Your objective: What you return should be every line below, word for word, and none of the images.

Data extract:

◆ ◆ ◆ ◆ ◆

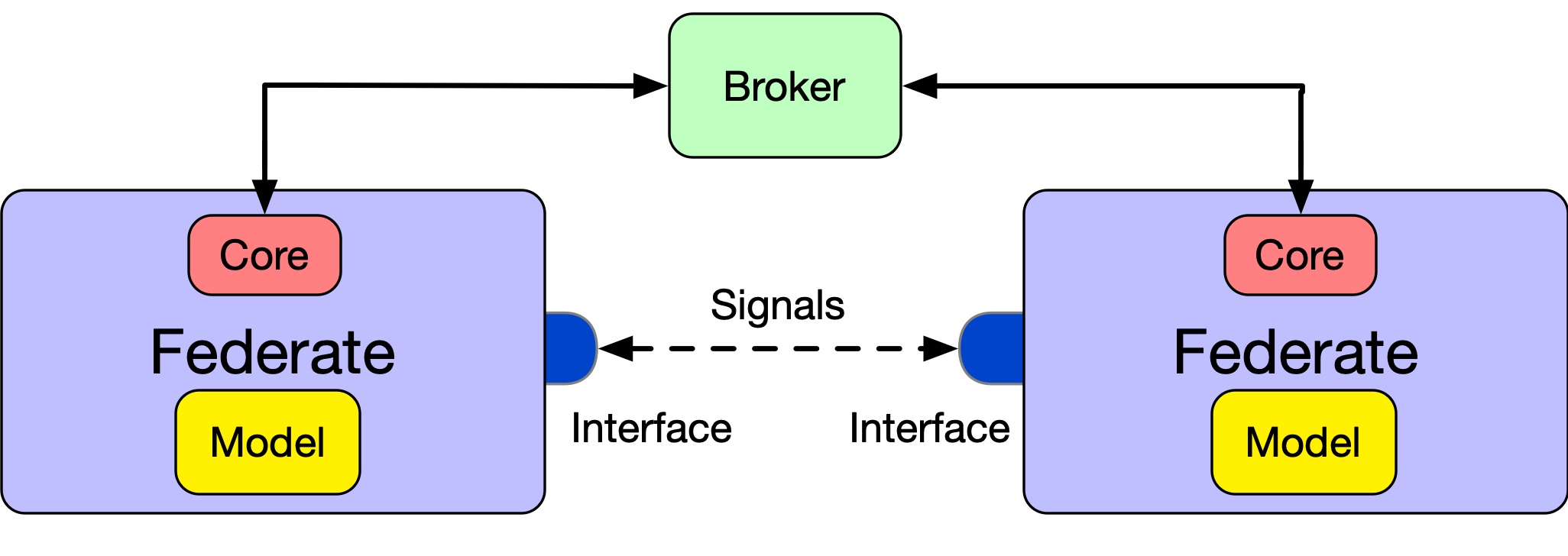 Fig. 3. Base architecture of HELICS framework [5]. Here Federate is a computational module containing a core (simulation control and message interface) and executable model code
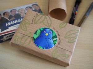 Set van 4 kleurrijke en getekende stickers - Stickers katten of vogels aan te bieden voor Kerstmis
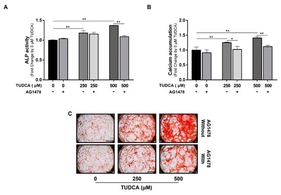Inhibition of TUDCA-induced osteogenic differentiation of hMSCs by an EGFR inhibitor (AG1478). hMSCs were pretreated with AG1478, an EGFR inhibitor, and then treated with 250 and 500 μM TUDCA, and each experiment was performed by time. (A) ALP activity after 7 d; (B,C) calcium accumulation after 20 d were determined, and an image of cells stained with AR-S solution is shown. Scale bars = 1 mm. All data represent the mean ± S.D. of five independent experiments. * p < 0.05, ** p < 0.001 versus the control group.

◆ ◆ ◆ ◆ ◆

Solution to this exercise:
 Fig. 3. Base architecture of HELICS framework [5]. Here Federate is a computational module containing a core (simulation control and message interface) and executable model code
 Set van 4 kleurrijke en getekende stickers - Stickers katten of vogels aan te bieden voor Kerstmis
Inhibition of TUDCA-induced osteogenic differentiation of hMSCs by an EGFR inhibitor (AG1478). hMSCs were pretreated with AG1478, an EGFR inhibitor, and then treated with 250 and 500 μM TUDCA, and each experiment was performed by time. (A) ALP activity after 7 d; (B,C) calcium accumulation after 20 d were determined, and an image of cells stained with AR-S solution is shown. Scale bars = 1 mm. All data represent the mean ± S.D. of five independent experiments. * p < 0.05, ** p < 0.001 versus the control group.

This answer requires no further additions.